Only the lines below from the one with "고흐는 룰랭 부인이 아기를" through the one with "热风女士直筒牛仔裤2025年秋季新款翻边直筒牛仔裤修身显瘦长裤" are to be written out, exactly and without any images.
Content starts
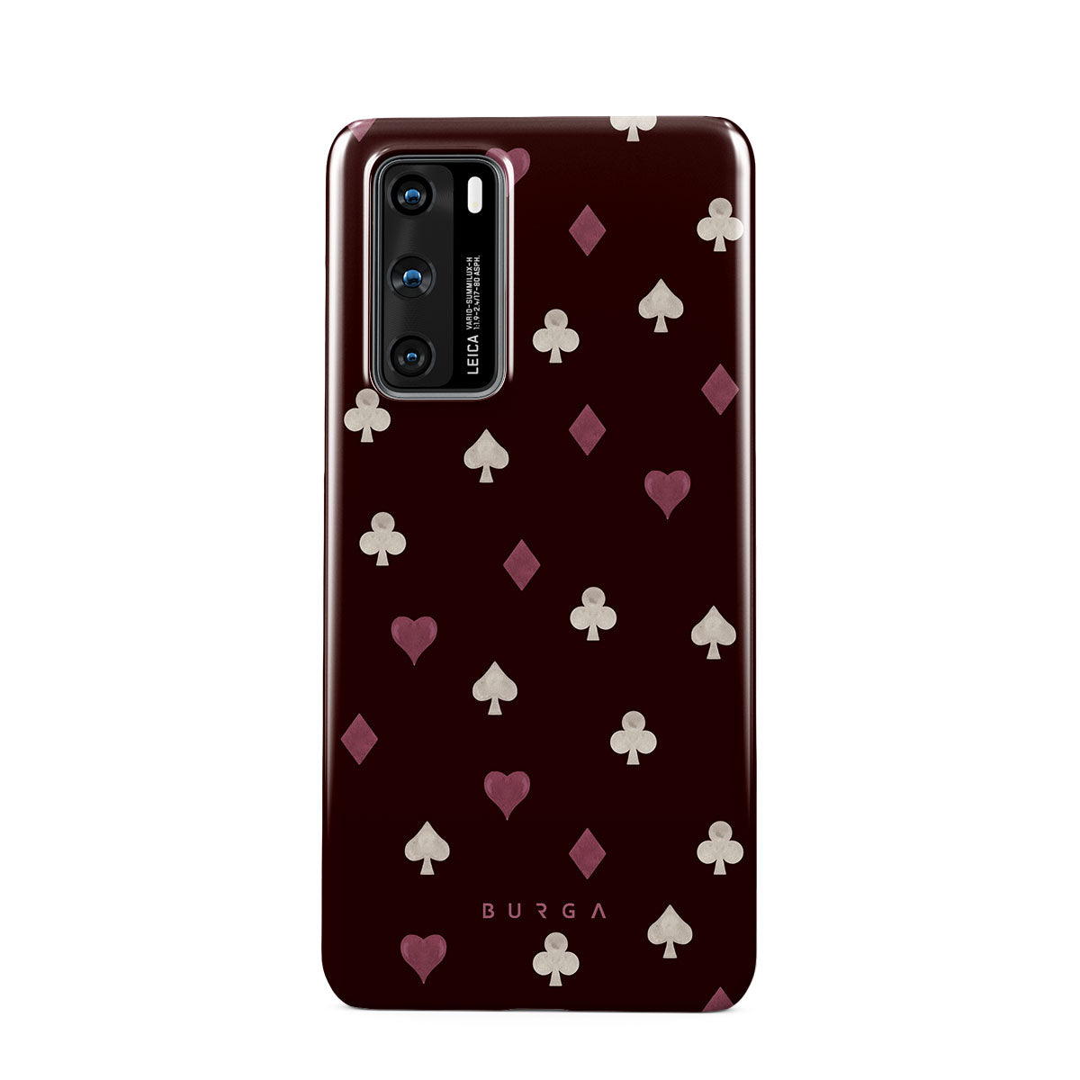 Nothing is as it appears. Hearts, clubs, diamonds, and spades—stacked in your favor or playing against you? This Huawei P40 phone case design features a rich burgundy background and minimalist suits that make for a game where the rules are constantly shifting.
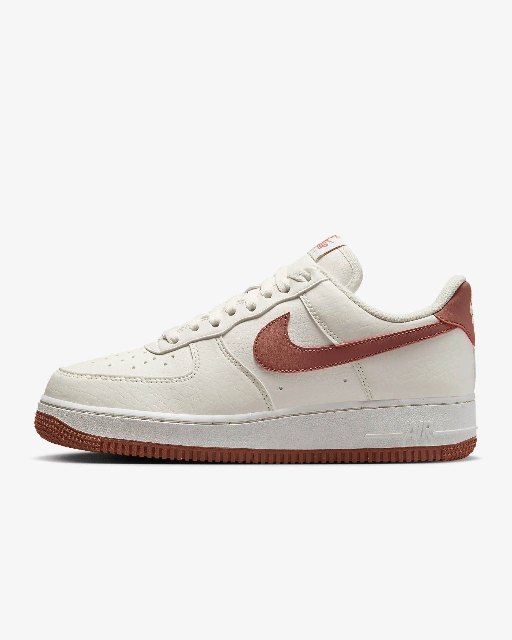 The radiance lives on in the Air Force 1 ’07, the b-ball icon that puts a fresh spin on what you know best: crisp materials, bold colors and the perfect amount of flash to make you shine. Benefits - Upper softens and gains vintage character with wear. - Originally designed for performance hoops, Nike Air cushioning adds lightweight comfort. - Rubber sole with star pattern provides durability and traction. - Padded, low-cut collar looks sleek and feels great. Product Details - Stitched overlays - Foam midsole - Perforations on toe - Shown: Sail/Canyon Pink - Style: DC9486-105
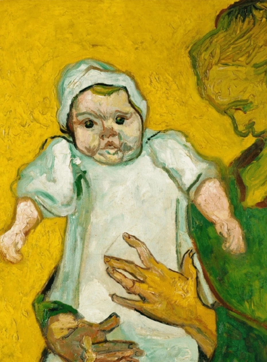 고흐는 룰랭 부인이 아기를 부드럽게 안고 있는 모습을 통해 따뜻한 모성애를 잘 묘사하였다.
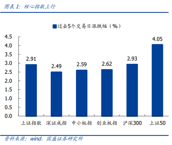 过去5个交易日A股上行。截止至周四(5月27日)收盘,沪指收于3608.85点。市场核心指数上行。上证50、沪深300、上证指数、创业板指、中小板指、深证成指分别上行4.05%、2.93%、2.91%、2.62%、2.59%、2.49%。申万一级行业多数上涨,食品饮料、休闲服务和计算机领涨,农林牧渔、电气设备和汽车领跌。成交占比方面,金融占比上升,周期、消费和成长占比相应下降。
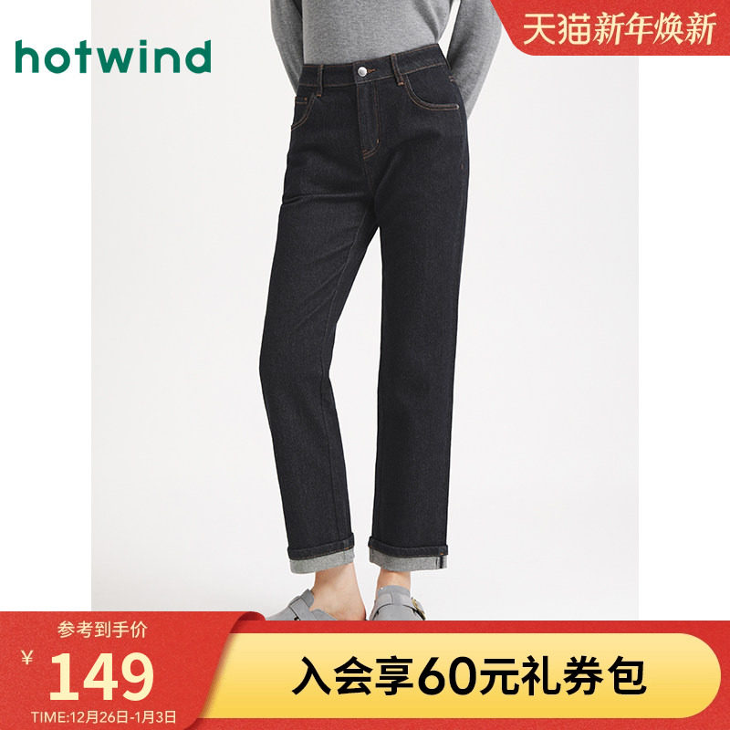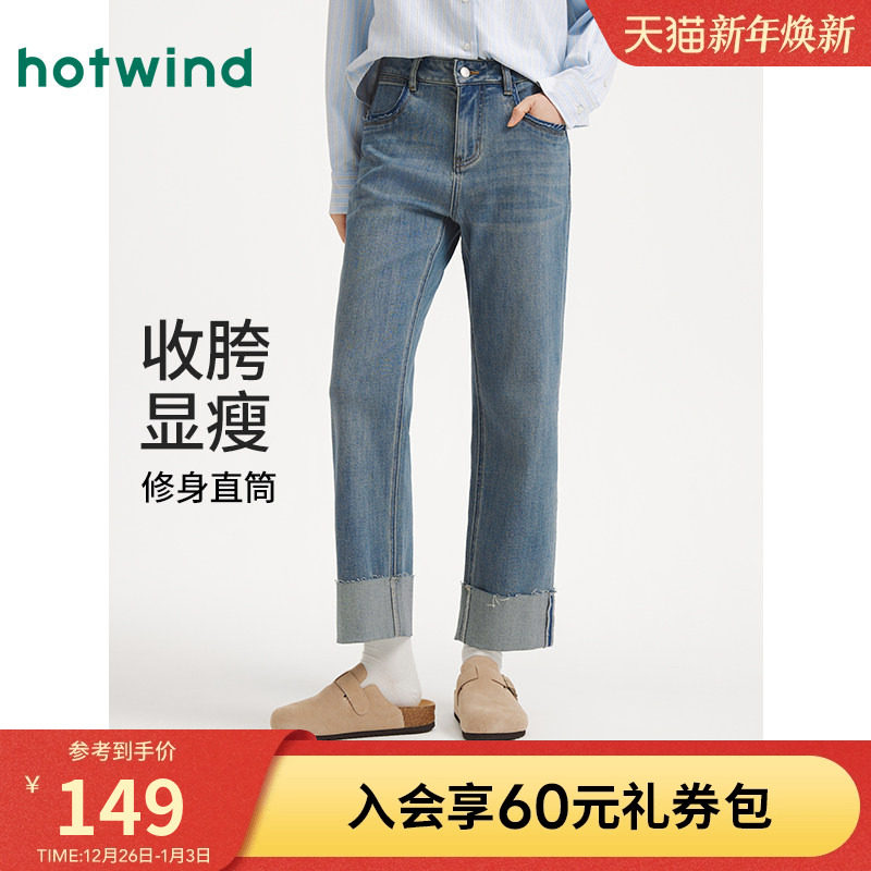 热风女士直筒牛仔裤2025年秋季新款翻边直筒牛仔裤修身显瘦长裤
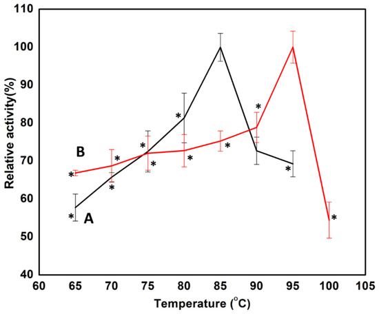 Effect of temperature on the free and immobilized Man/Cel5B activity. (A) Free Man/Cel5B. The temperature values showing significant (p < 0.05) difference from optimum temperature were marked with “*”. (B) Immobilized Man/Cel5B. The temperature values showing significant (p < 0.05) difference from optimum temperature were marked with “*”.
Content ends
ANSWER BOX =
 고흐는 룰랭 부인이 아기를 부드럽게 안고 있는 모습을 통해 따뜻한 모성애를 잘 묘사하였다.
 过去5个交易日A股上行。截止至周四(5月27日)收盘,沪指收于3608.85点。市场核心指数上行。上证50、沪深300、上证指数、创业板指、中小板指、深证成指分别上行4.05%、2.93%、2.91%、2.62%、2.59%、2.49%。申万一级行业多数上涨,食品饮料、休闲服务和计算机领涨,农林牧渔、电气设备和汽车领跌。成交占比方面,金融占比上升,周期、消费和成长占比相应下降。
 热风女士直筒牛仔裤2025年秋季新款翻边直筒牛仔裤修身显瘦长裤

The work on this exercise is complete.